#### Work instruction:
From the records below, output exactly the lines running from the line containing "is one of the" through the line containing "- 자동차보험 휴면보험금 조회 클릭 후 결과를 확인", and no others.

#### Records to process:
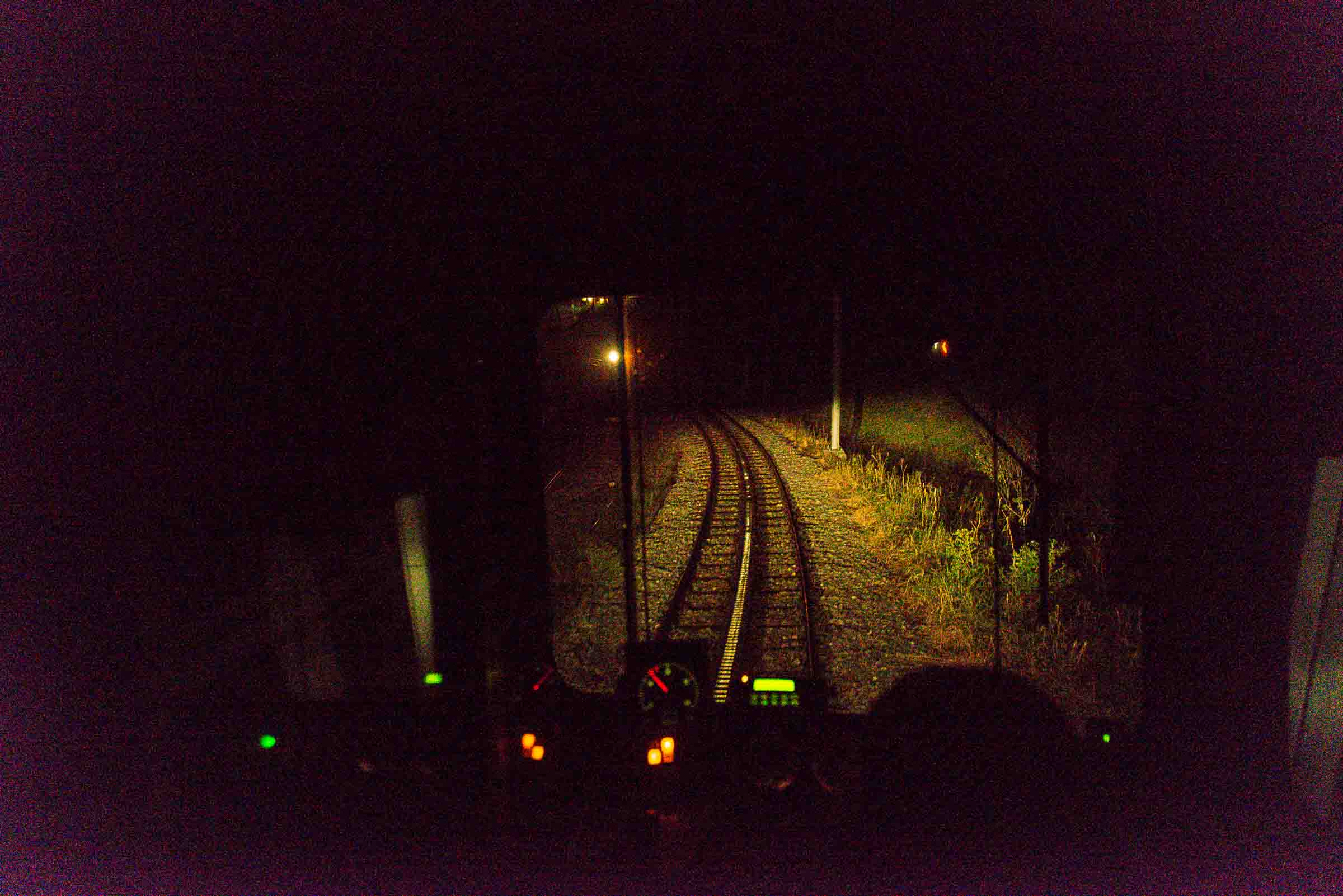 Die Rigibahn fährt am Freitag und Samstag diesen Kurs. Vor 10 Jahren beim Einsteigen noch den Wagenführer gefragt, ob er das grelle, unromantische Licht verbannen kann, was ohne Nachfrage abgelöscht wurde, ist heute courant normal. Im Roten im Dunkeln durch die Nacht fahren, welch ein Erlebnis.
---
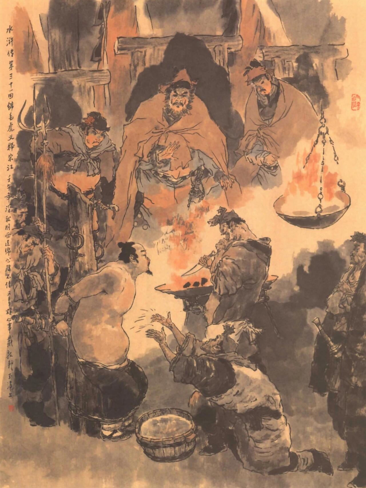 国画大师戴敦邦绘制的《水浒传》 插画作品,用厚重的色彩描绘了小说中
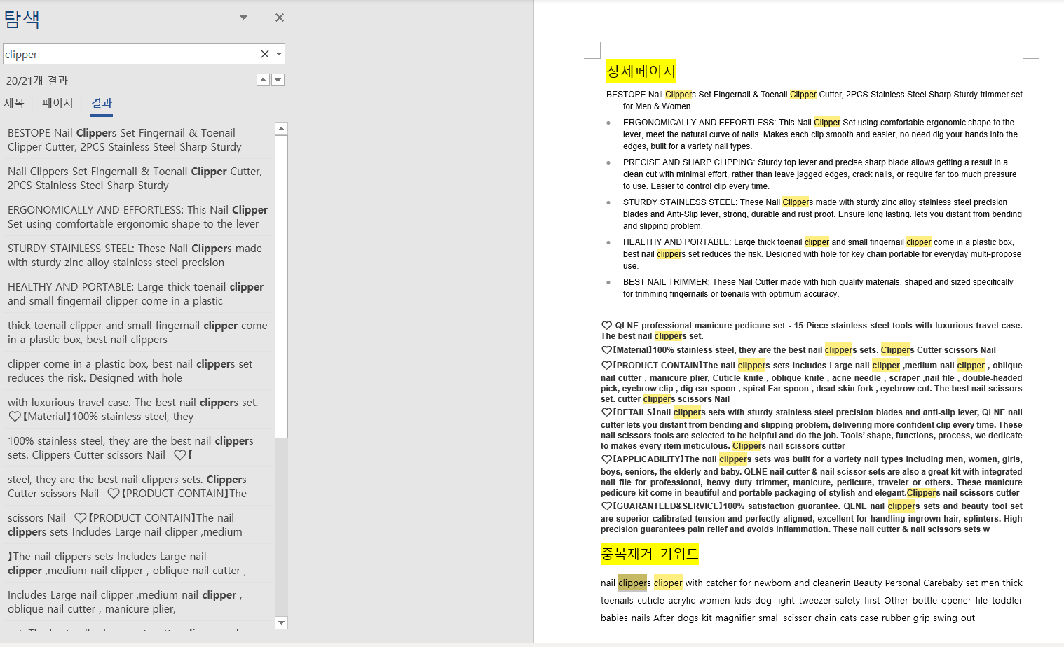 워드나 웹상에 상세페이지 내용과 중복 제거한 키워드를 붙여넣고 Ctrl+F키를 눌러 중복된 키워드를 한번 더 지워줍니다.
...
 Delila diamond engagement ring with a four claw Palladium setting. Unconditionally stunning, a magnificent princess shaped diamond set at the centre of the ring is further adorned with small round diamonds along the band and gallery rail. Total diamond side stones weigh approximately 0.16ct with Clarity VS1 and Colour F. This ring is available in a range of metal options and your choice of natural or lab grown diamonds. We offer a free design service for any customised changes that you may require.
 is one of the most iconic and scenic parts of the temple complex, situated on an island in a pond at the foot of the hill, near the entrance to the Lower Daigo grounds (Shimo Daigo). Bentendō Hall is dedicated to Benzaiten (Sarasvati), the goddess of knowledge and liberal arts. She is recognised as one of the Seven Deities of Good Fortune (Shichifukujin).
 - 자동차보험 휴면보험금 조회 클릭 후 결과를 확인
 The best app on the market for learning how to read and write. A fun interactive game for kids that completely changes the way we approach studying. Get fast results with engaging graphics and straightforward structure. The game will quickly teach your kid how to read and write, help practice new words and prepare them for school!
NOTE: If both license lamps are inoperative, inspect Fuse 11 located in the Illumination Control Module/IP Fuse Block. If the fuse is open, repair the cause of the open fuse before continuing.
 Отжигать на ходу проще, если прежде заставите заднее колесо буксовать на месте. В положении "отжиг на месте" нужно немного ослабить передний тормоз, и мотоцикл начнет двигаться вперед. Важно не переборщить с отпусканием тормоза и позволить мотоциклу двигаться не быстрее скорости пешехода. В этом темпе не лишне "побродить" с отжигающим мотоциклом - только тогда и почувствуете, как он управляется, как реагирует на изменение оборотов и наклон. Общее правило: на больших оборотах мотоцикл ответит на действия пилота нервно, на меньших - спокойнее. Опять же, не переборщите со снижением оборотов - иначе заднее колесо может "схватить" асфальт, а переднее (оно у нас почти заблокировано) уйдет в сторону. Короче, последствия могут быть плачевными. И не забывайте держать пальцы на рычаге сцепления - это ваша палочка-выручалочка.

#### Written solution:
 is one of the most iconic and scenic parts of the temple complex, situated on an island in a pond at the foot of the hill, near the entrance to the Lower Daigo grounds (Shimo Daigo). Bentendō Hall is dedicated to Benzaiten (Sarasvati), the goddess of knowledge and liberal arts. She is recognised as one of the Seven Deities of Good Fortune (Shichifukujin).
 - 자동차보험 휴면보험금 조회 클릭 후 결과를 확인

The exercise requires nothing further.